Billy Bob Thorntonporte un grand visage de pierre de perplexité existentielle tout au long de ce drame fascinant sur un barbier dont la tentative boiteuse de faire chanter le patron de sa femme courageuse (Frances McDormand) se retourne contre lui de façon spectaculaire. C'est un autre des films sombres et conscients de Coen sur un homme battu à plusieurs reprises par ce qui semble être un univers avec un sens de l'humour très tordu. Tout cela pourrait très vite devenir très déprimant, mais le cinéma expressif – la musique entraînante, la magnifique cinématographie en noir et blanc, les caractérisations généreuses et les doux éclats d’humour – le rend sublime.

Cette comédie néo-noir-rencontre-stoner sur un ex-hippie (Jeff Bridges, dans le rôle qui le définira à jamais) qui finit par se retrouver entraîné dans un monde nocturne d'hommes d'affaires intrigants, d'imprésarios porno sordides, de voyous nihilistes et d'autres. les événements surréalistes sont devenus l'un des films les plus durables des Coen. C'est très drôle, certes, mais il se passe autre chose ici. Malgré toute sa comédie absurde, le film se définit par son atmosphère mélancolique et crépusculaire. Au milieu de toute cette folie, c'est une lamentation sur la mort de l'idéalisme américain, à la fois l'un des films les plus spirituels et les plus tristes des Coen. C'est aussi une œuvre remarquablement libre et vivante de deux artistes connus pour aller parfois trop loin dans leur précision.

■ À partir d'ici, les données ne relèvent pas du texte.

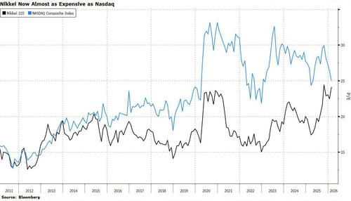 Even more striking is the valuation of the tech-heavy Nikkei 225 Stock Average. Its price to earnings ratio stands at 24.3 times its expected earnings per share, a whisker away from the Nasdaq Composite’s 24.9 multiple — one of the richest valuations among major global equity indexes.
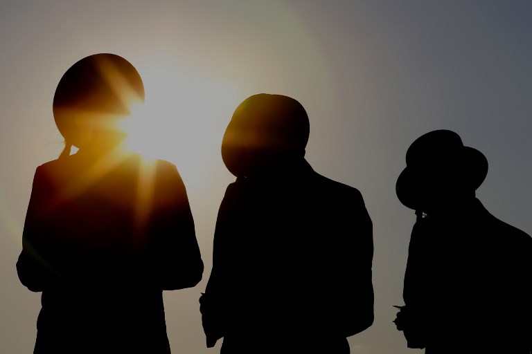 Image: Ultra-Orthodox Jewish men pray along the Mediterranean Sea in the Israeli city of Herzliya, near Tel Aviv, while performing the "Tashlich" ritual on 17 September 2018 (AFP)

Le film qui a valu aux Coen l'Oscar du meilleur film leur semble, à première vue, très différent d'eux. Adaptation du roman de Cormac McCarthy sur un homme (Josh Brolin) qui tombe sur un sac rempli d'argent de la drogue et est ensuite poursuivi par un tueur à gages impitoyable (Javier Bardem), c'est un truc sérieux, laconique et austère. Et pourtant, il est aussi marqué par une fascination pour les rebondissements du destin et la folie humaine – un thème qui remonte àSang simple. Il suffit de regarder l’inoubliable et meurtrier Anton Chigurh de Bardem – il est une pure terreur cosmique personnifiée. Et le film est parfois si pince-sans-rire, si impassible, qu'il est difficile de ne pas avoir l'impression que les Coen rient doucement en dessous de tout cela. Peut-être la chose la plus impressionnante à propos deAucun paysest qu'il élargit la palette des réalisateurs tout en racontant une histoire très captivante et en restant fidèle à leur voix.

Cela reste le chef-d'œuvre des Coen – leur film le plus drôle, et probablement aussi le plus poignant. Nicolas Cage est (oui) un ex-détenu sombre et alangui,Chasseur de houxest sa femme policière intelligente. Ils ne peuvent pas avoir d'enfants, alors ils décident de voler l'un des quintuplés nouvellement nés d'un magnat du meuble local. Poursuites en voiture, prisonniers évadés, motards surnaturels venus de l'enfer, voisins excités… Une fois lancée, cette foutue dynamo de film ne s'arrête plus. Et même s'il possède certaines des caractérisations les plus larges des Coen, il a aussi un cœur tendre. Au milieu de toute la stylisation, du rythme effréné et des dialogues rapides, c'est l'histoire déchirante de deux personnes désespérées qui tentent de fonder une famille et de faire partie de quelque chose de plus grand, de plus noble. Nous ne pouvons pas résister au délicieux chaos deÉlever l’Arizona, mais une fois le parcours terminé, ce qui résonne le plus, c'est le profond désir d'amour des personnages.